User-User method (k = 50):
- error1 = 0.8089887640449438
- error2 = 0.6629213483146067

Item-Item method (k = 50):
- error1 = 0.5952380952380952
- error2 = 0.44047619047619047

Latent Factorization method (gamma = 0.005, lambda = 0.02):
- error1 = 0.47
- error2 = 0.39

### Conclusion

We can see that the **User-User** method has some difficulties to predict the exact ratings, but is able to maintain an average distance between the actual rating and the predicted one smaller than 1. 

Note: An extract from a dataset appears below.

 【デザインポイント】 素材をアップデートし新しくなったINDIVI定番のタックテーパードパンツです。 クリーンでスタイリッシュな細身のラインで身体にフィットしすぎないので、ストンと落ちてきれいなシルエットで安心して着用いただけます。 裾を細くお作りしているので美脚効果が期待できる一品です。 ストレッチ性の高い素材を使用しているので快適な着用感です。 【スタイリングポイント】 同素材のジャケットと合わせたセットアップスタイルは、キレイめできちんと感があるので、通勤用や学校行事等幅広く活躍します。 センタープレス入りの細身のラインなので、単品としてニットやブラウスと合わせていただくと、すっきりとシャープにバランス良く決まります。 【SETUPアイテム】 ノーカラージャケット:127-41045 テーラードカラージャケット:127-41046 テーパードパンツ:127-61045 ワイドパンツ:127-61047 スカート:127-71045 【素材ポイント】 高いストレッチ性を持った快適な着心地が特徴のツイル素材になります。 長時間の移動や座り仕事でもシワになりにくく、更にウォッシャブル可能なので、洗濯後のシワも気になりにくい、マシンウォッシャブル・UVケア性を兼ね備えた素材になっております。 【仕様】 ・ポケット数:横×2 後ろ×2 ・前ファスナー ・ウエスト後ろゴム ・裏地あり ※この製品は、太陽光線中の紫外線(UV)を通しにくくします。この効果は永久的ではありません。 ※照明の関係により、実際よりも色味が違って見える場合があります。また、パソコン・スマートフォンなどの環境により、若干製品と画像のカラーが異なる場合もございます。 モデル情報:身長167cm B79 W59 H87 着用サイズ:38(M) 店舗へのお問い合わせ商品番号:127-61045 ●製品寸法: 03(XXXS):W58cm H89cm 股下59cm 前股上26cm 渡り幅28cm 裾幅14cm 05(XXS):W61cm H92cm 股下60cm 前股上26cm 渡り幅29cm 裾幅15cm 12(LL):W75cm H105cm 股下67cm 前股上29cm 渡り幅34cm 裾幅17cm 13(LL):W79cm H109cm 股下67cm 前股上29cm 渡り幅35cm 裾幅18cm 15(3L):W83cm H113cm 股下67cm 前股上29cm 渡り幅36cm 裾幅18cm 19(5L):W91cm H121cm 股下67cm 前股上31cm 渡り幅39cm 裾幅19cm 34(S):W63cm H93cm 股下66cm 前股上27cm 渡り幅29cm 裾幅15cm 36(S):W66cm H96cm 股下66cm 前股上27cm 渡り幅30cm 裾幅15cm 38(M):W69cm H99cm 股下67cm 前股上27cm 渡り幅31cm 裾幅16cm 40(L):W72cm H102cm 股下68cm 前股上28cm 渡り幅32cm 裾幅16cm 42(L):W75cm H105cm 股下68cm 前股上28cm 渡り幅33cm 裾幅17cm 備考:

The **Item-Item** method performs better than the User-User method, giving a smaller error for both error1 and error2. It is able to predict correctly the exact rating more the half of the time. 

Finally, the **Latent Matrix Factorization** method gives the best performance of all. Its results for error1 and error2 are both under 0.5.

**Problem** : All these algorithms share the drawback that there is no efficient method to update the embeddings after adding a new item or a new user. This problem is called the **cold-start problem**.